- Born: Richard Arthur Crossthwaite Murry 8 May 1902 Dulwich, England
- Died: December 1984 (aged 82) Fulham, England
- Education: Slade School of Fine Art; Central School of Arts and Crafts;
- Occupation: Painter

= Richard Murry =

British painter (1902–1984)

Richard Arthur Crosswaite Murry (8 May 1902 – December 1984) was a British painter.

==Life and career==
Murry was born in London and, encouraged by his brother John Middleton Murry, studied book production at the Central School of Arts and Crafts before enrolling at the Slade School of Fine Art where, in 1925, he was awarded a Robert Rose scholarship. Murry went on to serve as secretary of the New English Art Club for three years before teaching at the Architectural Association and then at Surbition Grammar School, from 1930 to 1938. During World War II Murry served in the Royal Marines and with the Royal Naval Film Unit while continuing to paint.

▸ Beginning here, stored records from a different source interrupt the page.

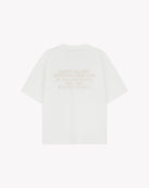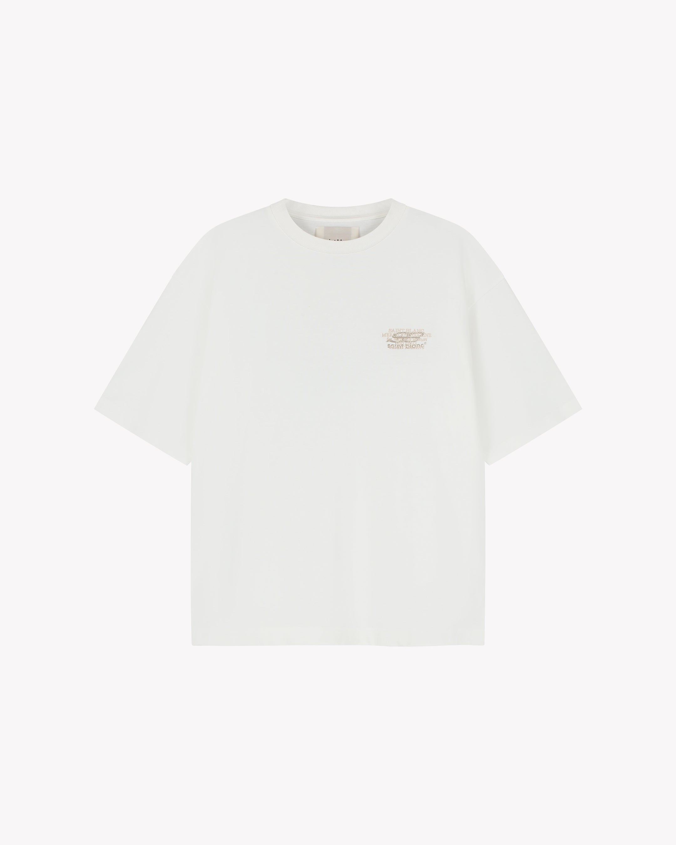 T-shirt van het merk SAINT BLANC in een wit ontwerp. Het T-shirt heeft een klassieke ronde halslijn en korte mouwen. Op de borst bevindt zich een subtiele opdruk van het merk. De achterkant van het T-shirt bevat een grotere opdruk met de tekst "SAINT BLANC MERCHANDISE LINE for men and woman, EST. 2022 © SAINT BLANC". Het ontwerp straalt eenvoud en moderniteit uit. Geschikt voor diverse casual gelegenheden en makkelijk te combineren met verschillende stijlen.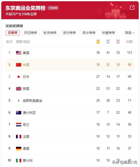 东京奥运圣火已经熄灭,中国代表队以38金、88枚奖牌位居金牌榜、奖牌榜第二。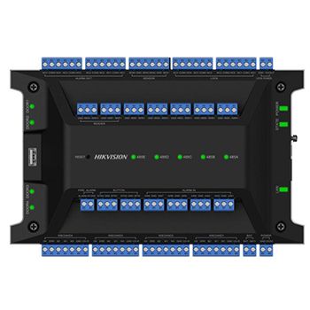 - HIKVISION, 4 Door Network access controller (NO CABINET), Browser support, Exp to 128 doors, 4x relays, 20x inputs, 4x alarm outputs, 4x Wiegand inputs, 100,000 users, 600,000 events, RS-485, 12V DC.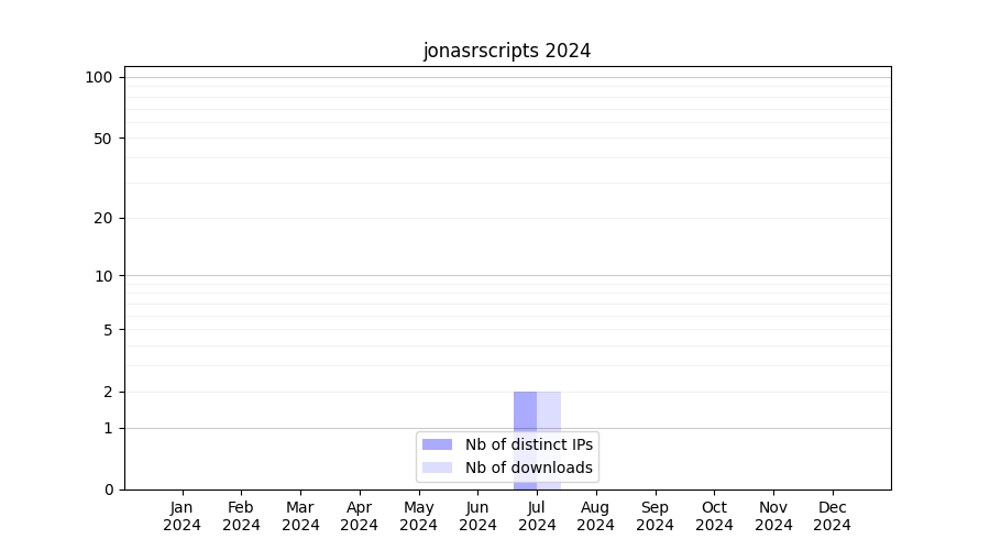 Number of downloads for annotation package jonasrscripts, year by year, from 2025 back to 2014 (years with no downloads are omitted):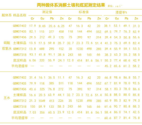 兩種酸體系消解土壤和底泥測(cè)定結(jié)果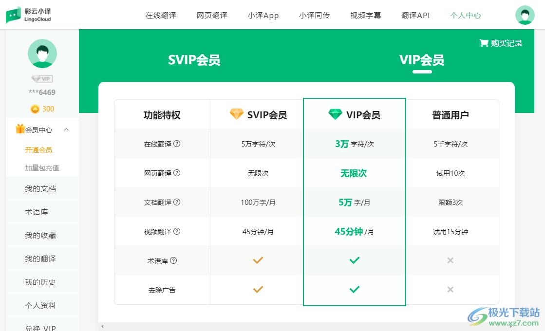 7、VIP权限功能,如果你需要精准翻译文档内容就可以购买软件的VIP功能,方便翻译自己的文档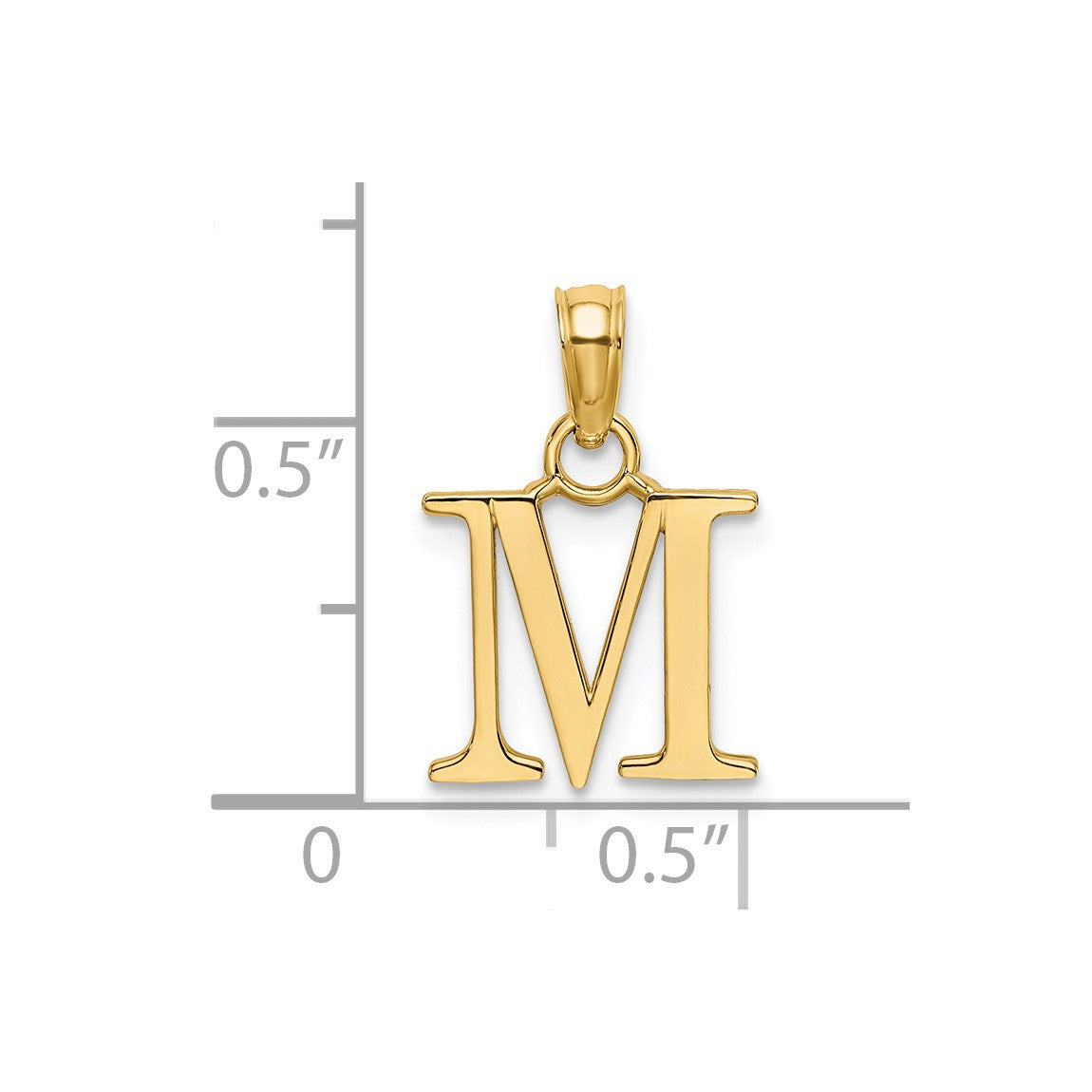 14k Yellow Gold Polished M Block Initial Pendant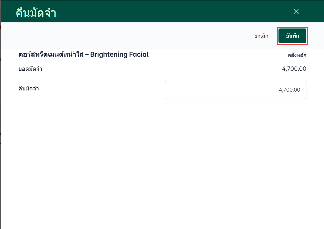 จากนั้นกดบันทึก เพื่อทำการคืนยอดมัดจำ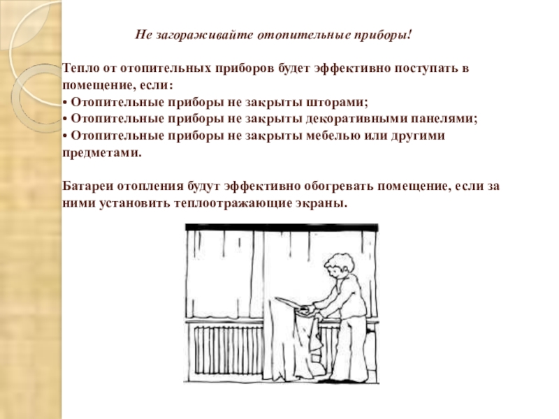 Не загораживайте отопительные приборы! Тепло от отопительных приборов будет эффективно поступать в помещение, если: • Отопительные приборы не закрыты шторами; • Отопительные приборы не закрыты декоративными панелями; • Отопительные приборы не закрыты мебелью или другими предметами. Батареи отопления будут эффективно обогревать помещение, если за ними установить теплоотражающие экраны.

The War Artists' Advisory Committee purchased one of these paintings and it is now held by the Imperial War Museum in London. Shortly before the war, Murry had taken the post of librarian at the Central School and he returned to this position after his military service. His work was part of the painting event at the art competition at the 1948 Summer Olympics. Murry retired from the Central School in 1967, having also acted as secretary to the Art Workers' Guild. Throughout his career Murry exhibited with the London Group, the Royal Society of British Artists and the Royal Institute of Oil Painters. He also exhibited at both the Leger and Goupil Galleries and Sally Hunter Fine Art hosted a memorial exhibition.